Pick out every line of the entries below where "voor" occurs, and copy those lines.

(Data items)
'''
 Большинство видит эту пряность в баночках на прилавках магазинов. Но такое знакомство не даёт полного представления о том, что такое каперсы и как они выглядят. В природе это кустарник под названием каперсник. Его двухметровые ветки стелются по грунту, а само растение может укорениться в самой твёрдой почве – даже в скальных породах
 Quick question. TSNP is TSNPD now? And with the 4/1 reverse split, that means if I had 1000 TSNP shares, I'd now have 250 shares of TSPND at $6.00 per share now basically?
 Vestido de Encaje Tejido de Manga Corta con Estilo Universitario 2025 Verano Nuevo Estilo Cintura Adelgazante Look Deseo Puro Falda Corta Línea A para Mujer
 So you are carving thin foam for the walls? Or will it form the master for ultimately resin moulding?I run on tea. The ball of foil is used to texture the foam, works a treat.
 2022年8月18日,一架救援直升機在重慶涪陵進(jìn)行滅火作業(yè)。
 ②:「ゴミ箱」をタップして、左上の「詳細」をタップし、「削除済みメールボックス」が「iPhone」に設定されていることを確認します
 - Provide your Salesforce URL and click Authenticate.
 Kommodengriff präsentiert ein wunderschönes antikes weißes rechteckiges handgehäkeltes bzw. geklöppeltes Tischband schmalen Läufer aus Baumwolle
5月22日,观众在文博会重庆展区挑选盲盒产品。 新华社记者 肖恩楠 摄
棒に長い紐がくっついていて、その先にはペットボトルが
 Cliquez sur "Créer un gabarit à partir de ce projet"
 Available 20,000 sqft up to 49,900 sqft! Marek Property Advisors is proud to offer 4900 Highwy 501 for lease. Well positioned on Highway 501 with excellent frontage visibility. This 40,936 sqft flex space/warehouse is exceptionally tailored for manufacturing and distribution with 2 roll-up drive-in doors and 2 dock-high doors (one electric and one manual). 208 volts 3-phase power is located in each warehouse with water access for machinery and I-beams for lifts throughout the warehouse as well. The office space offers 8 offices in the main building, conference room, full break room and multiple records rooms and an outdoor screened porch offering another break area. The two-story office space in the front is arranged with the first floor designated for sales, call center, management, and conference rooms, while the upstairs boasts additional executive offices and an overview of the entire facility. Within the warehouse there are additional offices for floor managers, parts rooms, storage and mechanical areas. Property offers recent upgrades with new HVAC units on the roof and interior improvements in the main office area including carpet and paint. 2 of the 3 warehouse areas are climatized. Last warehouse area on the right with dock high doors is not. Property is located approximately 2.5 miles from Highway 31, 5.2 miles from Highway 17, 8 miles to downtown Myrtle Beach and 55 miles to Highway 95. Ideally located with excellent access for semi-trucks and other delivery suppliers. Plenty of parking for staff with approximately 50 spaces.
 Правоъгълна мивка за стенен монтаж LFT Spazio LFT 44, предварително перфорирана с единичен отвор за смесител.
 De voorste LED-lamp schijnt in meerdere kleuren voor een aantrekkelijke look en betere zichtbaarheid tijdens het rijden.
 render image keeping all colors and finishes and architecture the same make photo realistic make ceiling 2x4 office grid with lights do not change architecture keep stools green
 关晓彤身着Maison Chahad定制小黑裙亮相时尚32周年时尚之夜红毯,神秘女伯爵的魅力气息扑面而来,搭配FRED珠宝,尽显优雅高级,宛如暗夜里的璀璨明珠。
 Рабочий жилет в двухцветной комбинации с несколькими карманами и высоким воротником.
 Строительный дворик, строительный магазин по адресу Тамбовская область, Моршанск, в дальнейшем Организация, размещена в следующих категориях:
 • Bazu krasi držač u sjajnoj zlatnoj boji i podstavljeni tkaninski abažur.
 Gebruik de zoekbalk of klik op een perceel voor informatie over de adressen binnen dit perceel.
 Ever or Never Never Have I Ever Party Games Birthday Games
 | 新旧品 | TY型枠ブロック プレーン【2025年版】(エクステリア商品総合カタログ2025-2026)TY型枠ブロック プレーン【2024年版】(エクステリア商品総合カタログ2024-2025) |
'''
Response to the exercise
 De voorste LED-lamp schijnt in meerdere kleuren voor een aantrekkelijke look en betere zichtbaarheid tijdens het rijden.
 Gebruik de zoekbalk of klik op een perceel voor informatie over de adressen binnen dit perceel.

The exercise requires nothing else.